REQUIREMENT. Please transcribe the data that follows exactly as given, leaving out every picture.

DATA EXCERPT.
────
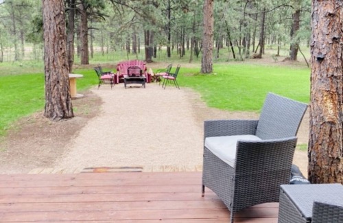 Experience Colorado Living, Plenty of outdoor space and Tall Ponderosa Pine Trees, peaceful feel, property is frequented by Deer and other wildlife. Wood burning fire-pit area to toast your marshmallows, private Deck with BBQ grill. Play some corn hole, horseshoes or have fun jumping on the trampoline! You’ll be staying in our 3bd 1ba Mountain themed ranch style guesthouse (separate home across the driveway on acreage)
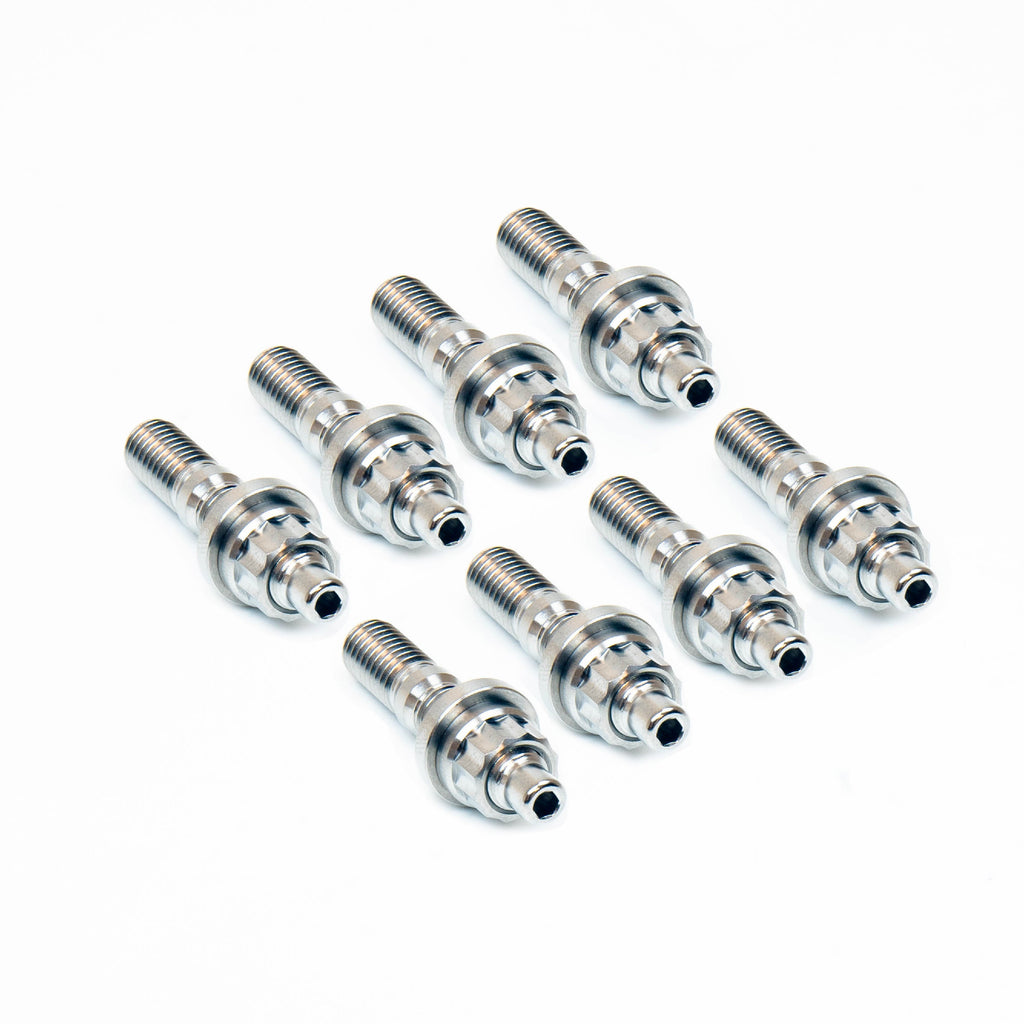 Titanium is ~45% lighter, stronger, and will not corrode like your stock steel bolts or studs. Each stud/washer/nut assembly weighs only 12g!
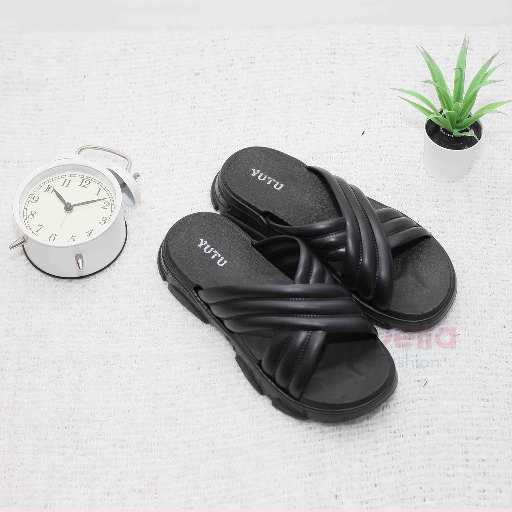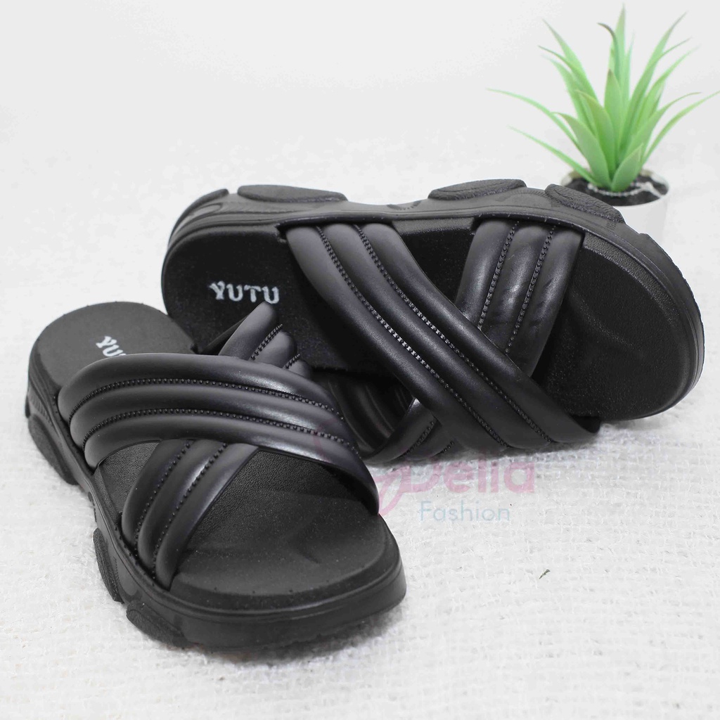 SANDAL WANITA TALI SILANG MODEL KEKINIAN TEBAL 3CM KOREAN STYLE BAHAN KARET EVA RINGAN DAN ANTI LICIN KHUSUS WARNA HITAM
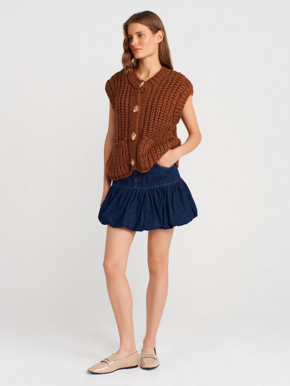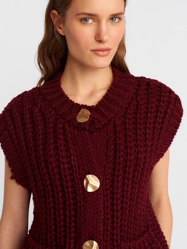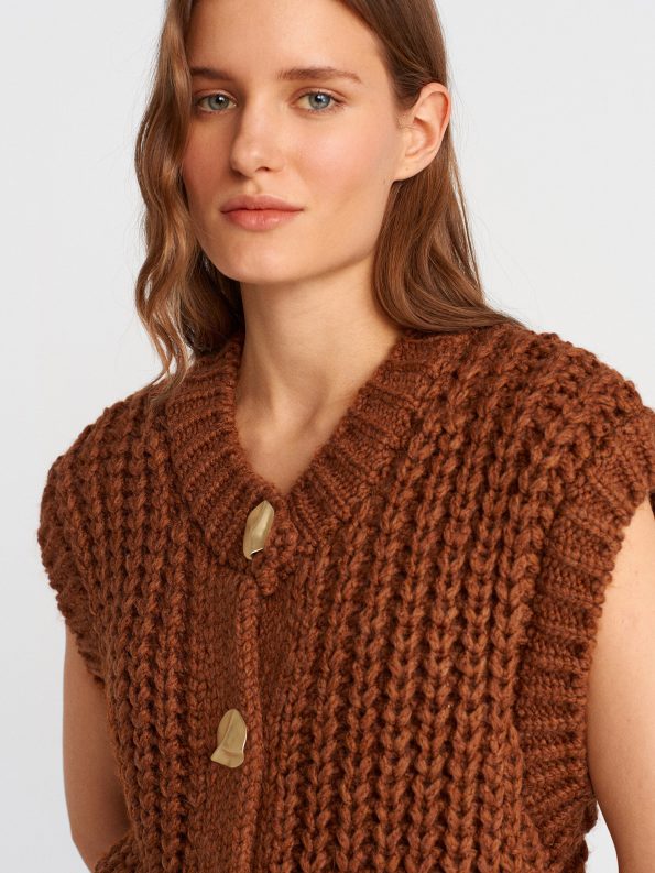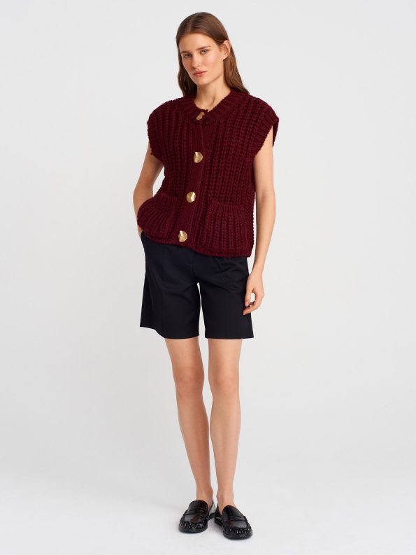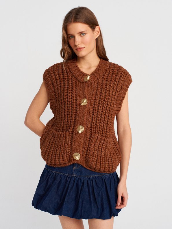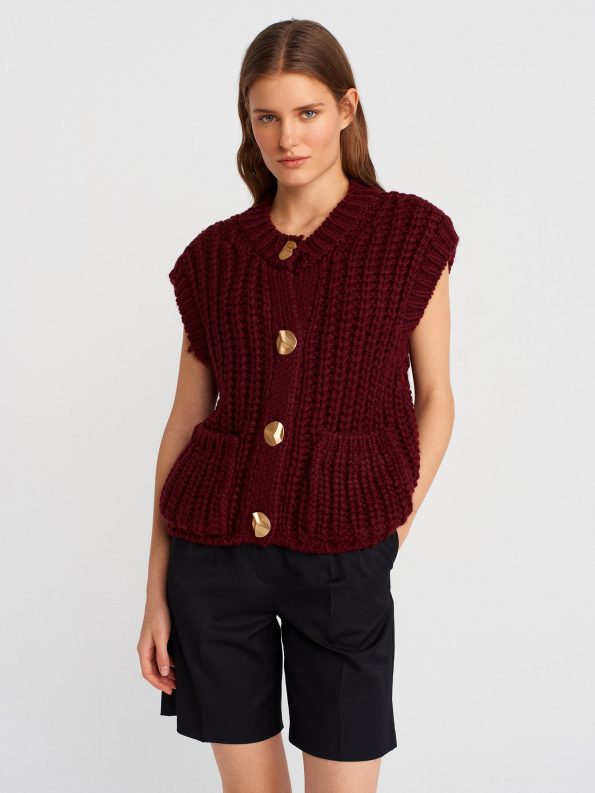 Etiket: Dilvin 60961 Bisiklet Yaka Yumuşak Dokulu Cepli Düğmeli Triko Yelek
────
SOLUTION TO THIS PROBLEM.
 Experience Colorado Living, Plenty of outdoor space and Tall Ponderosa Pine Trees, peaceful feel, property is frequented by Deer and other wildlife. Wood burning fire-pit area to toast your marshmallows, private Deck with BBQ grill. Play some corn hole, horseshoes or have fun jumping on the trampoline! You’ll be staying in our 3bd 1ba Mountain themed ranch style guesthouse (separate home across the driveway on acreage)
 Titanium is ~45% lighter, stronger, and will not corrode like your stock steel bolts or studs. Each stud/washer/nut assembly weighs only 12g!
 SANDAL WANITA TALI SILANG MODEL KEKINIAN TEBAL 3CM KOREAN STYLE BAHAN KARET EVA RINGAN DAN ANTI LICIN KHUSUS WARNA HITAM
 Etiket: Dilvin 60961 Bisiklet Yaka Yumuşak Dokulu Cepli Düğmeli Triko Yelek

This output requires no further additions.